▶ [AIM OF THE EXERCISE]: Repeat each record exactly. Any picture gets left out.

[RECORDS PROVIDED — start]

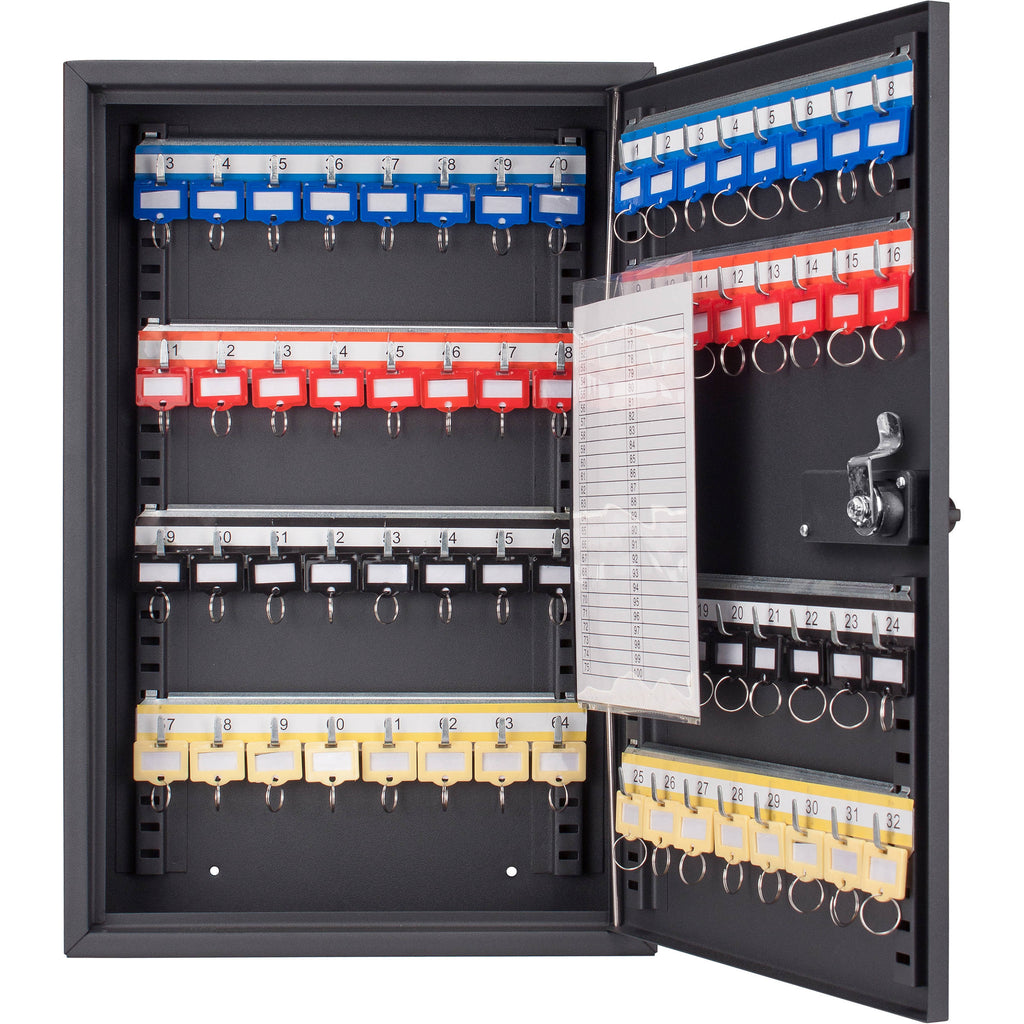 Secure up to 64 keys and keep them organized with the black 64-Position Key Cabinet with Combo Lock from Barska. It offers 64 color coded and numbered key hooks and comes with a key log sheet. The two-sided indexing chart has ample room to document the keys' hook position and corresponding lock, and a drop-in plastic sleeve tethered to the hinge inside the safe provides a hands-free reference. The steel cabinet measures 17.8 x 11.8 x 3.1". Four pre-drilled mounting holes and included mounting hardware make it easy to attach to a wall. It comes with two lock box keys.
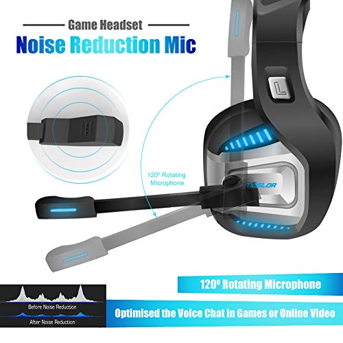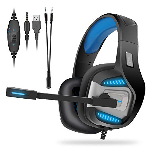 Cuffie Gaming PS4 PC Antirumore Over Ear con Microfono Xbox One 7.1 Bass Stereo Suono Surround virtuale 3.5mm Jack Regolabile e Retrattile per Nintendo Switch, Mac, Laptop, Smartphone (Blue 1)
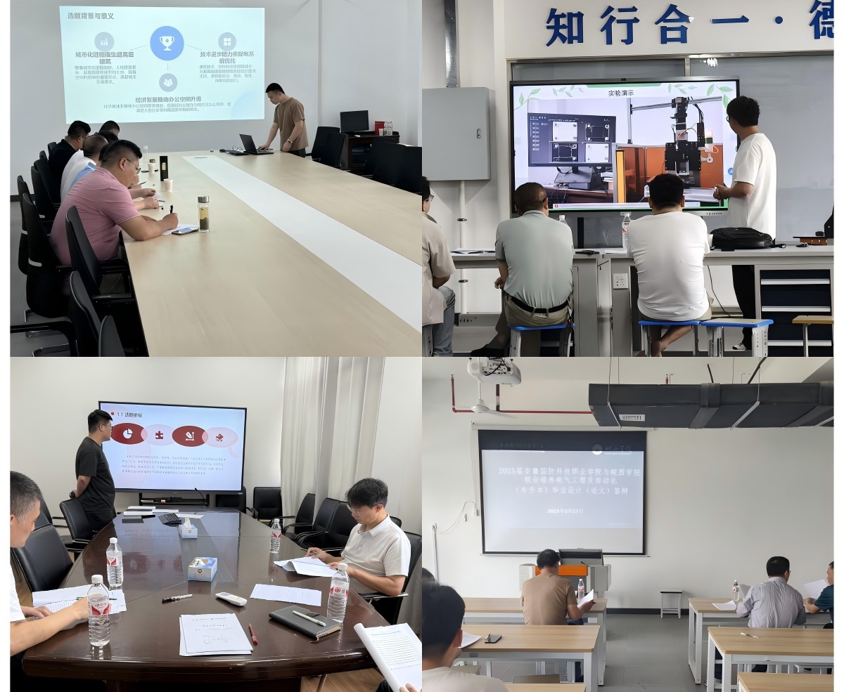 本网讯(电气技术学院 孔军)电气技术学院于5月28日组织开展25届专升本联合培养电气工程及其自动化专业毕业设计(论文)答辩工作。为确保毕业设计论文答辩工作的质量与规范性,学院组织对答辩论文进行了形式审查、评阅及文字复制比查重,为答辩的顺利进行奠定了坚实基础。电气技术学院与皖西学院电气与光电工程学院依据《皖西学院本科毕业设计(论文)管理规定》及《关于对2025届本科毕业设计(论文)复制比的通知》等相关文件要求,共同组建答辩委员会,分7个小组实施答辩工作,圆满完成了59名同学的毕业设计论文答辩工作。
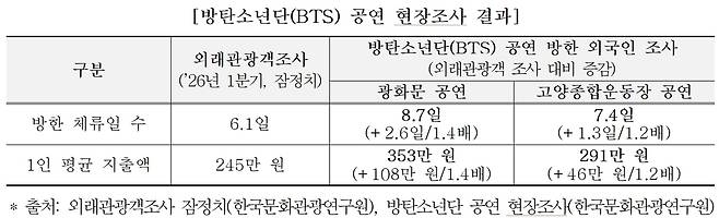 방탄소년단(BTS) 서울 광화문 광장과 경기도 고양 공연으로 방한 관광객이 국내에 더 오래 머물고, 더 많이 소비한 것으로 나타났다.
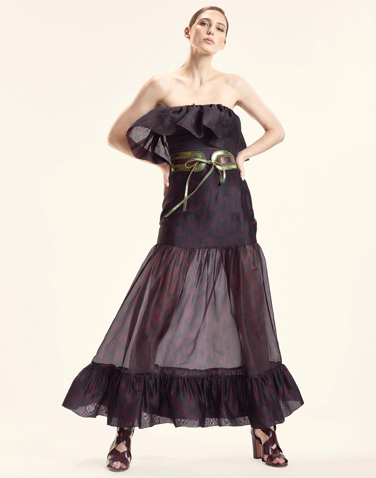 Our best selling silhouette in a burgundy and black geometric-print. Pair with the matching blouse or your favorite tee. - Fall '25 - Composition: 100% Silk - Half lined - Detachable slip, can be worn with or without - Dry Clean Only - Fitted top, billowy through hem - Mid-To High-Rise Fit - No Stretch - Fit: model is 5'9" and wears a size 4. - Size 4 measurements: - Waist: 27" - Hip: 37" - Length: 40”
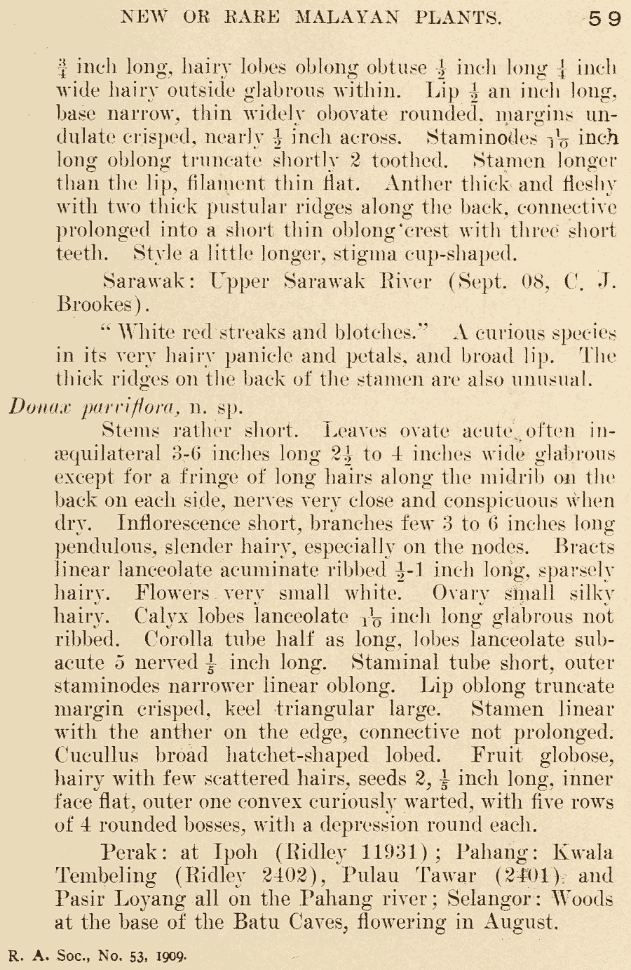 Протолог Donax parviflora Ridl. (Journal of the Straits Branch of the Royal Asiatic Society 54: 59. 1910):
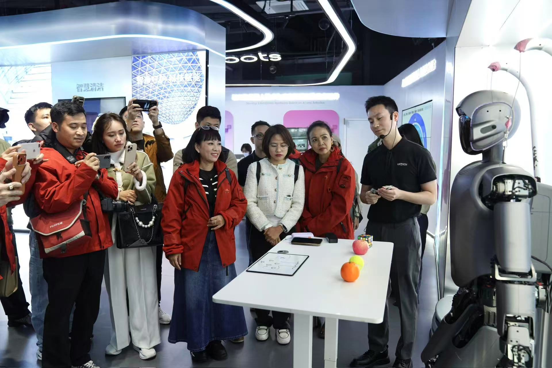 阮克海河是首次参观规模如此庞大的机器人基地,他对教育机器人印象尤为深刻:“从幼儿园到中学都能适用,既能激发学习兴趣,又能传播知识,在越南教育和医疗行业潜力巨大。”他表示,会通过家庭分享和大众媒体报道,让更多越南人了解中国机器人技术,期待越南能借鉴相关经验,推动本土产业发展。
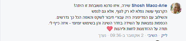 איריס מספרת על החוויה מהסדנה:
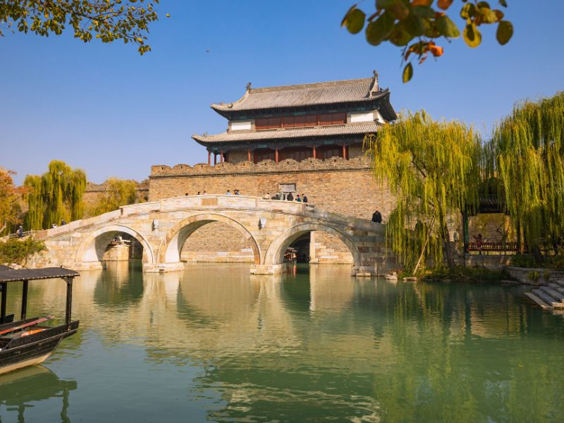 - Quý khách tiếp tục tham quan Hồ Đại Minh – viên ngọc xanh giữa lòng thành phố, nơi mặt nước phản chiếu bóng liễu thướt tha và những cây cầu đá cổ kính. Đây cũng là điểm hẹn thơ mộng, gắn liền với nhiều giai thoại văn nhân Trung Hoa. Hồ Đại Minh không chỉ đẹp về cảnh sắc, mà còn gắn với truyền thuyết lãng mạn giữa Hạ Vũ Hà và vua Khang Hy, từng được đưa vào phim nổi tiếng Hoàn Châu Cách Cách.

[RECORDS PROVIDED — finish]

▶ [RESPONSE AREA]:
 Secure up to 64 keys and keep them organized with the black 64-Position Key Cabinet with Combo Lock from Barska. It offers 64 color coded and numbered key hooks and comes with a key log sheet. The two-sided indexing chart has ample room to document the keys' hook position and corresponding lock, and a drop-in plastic sleeve tethered to the hinge inside the safe provides a hands-free reference. The steel cabinet measures 17.8 x 11.8 x 3.1". Four pre-drilled mounting holes and included mounting hardware make it easy to attach to a wall. It comes with two lock box keys.
 Cuffie Gaming PS4 PC Antirumore Over Ear con Microfono Xbox One 7.1 Bass Stereo Suono Surround virtuale 3.5mm Jack Regolabile e Retrattile per Nintendo Switch, Mac, Laptop, Smartphone (Blue 1)
 本网讯(电气技术学院 孔军)电气技术学院于5月28日组织开展25届专升本联合培养电气工程及其自动化专业毕业设计(论文)答辩工作。为确保毕业设计论文答辩工作的质量与规范性,学院组织对答辩论文进行了形式审查、评阅及文字复制比查重,为答辩的顺利进行奠定了坚实基础。电气技术学院与皖西学院电气与光电工程学院依据《皖西学院本科毕业设计(论文)管理规定》及《关于对2025届本科毕业设计(论文)复制比的通知》等相关文件要求,共同组建答辩委员会,分7个小组实施答辩工作,圆满完成了59名同学的毕业设计论文答辩工作。
 방탄소년단(BTS) 서울 광화문 광장과 경기도 고양 공연으로 방한 관광객이 국내에 더 오래 머물고, 더 많이 소비한 것으로 나타났다.
 Our best selling silhouette in a burgundy and black geometric-print. Pair with the matching blouse or your favorite tee. - Fall '25 - Composition: 100% Silk - Half lined - Detachable slip, can be worn with or without - Dry Clean Only - Fitted top, billowy through hem - Mid-To High-Rise Fit - No Stretch - Fit: model is 5'9" and wears a size 4. - Size 4 measurements: - Waist: 27" - Hip: 37" - Length: 40”
 Протолог Donax parviflora Ridl. (Journal of the Straits Branch of the Royal Asiatic Society 54: 59. 1910):
 阮克海河是首次参观规模如此庞大的机器人基地,他对教育机器人印象尤为深刻:“从幼儿园到中学都能适用,既能激发学习兴趣,又能传播知识,在越南教育和医疗行业潜力巨大。”他表示,会通过家庭分享和大众媒体报道,让更多越南人了解中国机器人技术,期待越南能借鉴相关经验,推动本土产业发展。
 איריס מספרת על החוויה מהסדנה:
 - Quý khách tiếp tục tham quan Hồ Đại Minh – viên ngọc xanh giữa lòng thành phố, nơi mặt nước phản chiếu bóng liễu thướt tha và những cây cầu đá cổ kính. Đây cũng là điểm hẹn thơ mộng, gắn liền với nhiều giai thoại văn nhân Trung Hoa. Hồ Đại Minh không chỉ đẹp về cảnh sắc, mà còn gắn với truyền thuyết lãng mạn giữa Hạ Vũ Hà và vua Khang Hy, từng được đưa vào phim nổi tiếng Hoàn Châu Cách Cách.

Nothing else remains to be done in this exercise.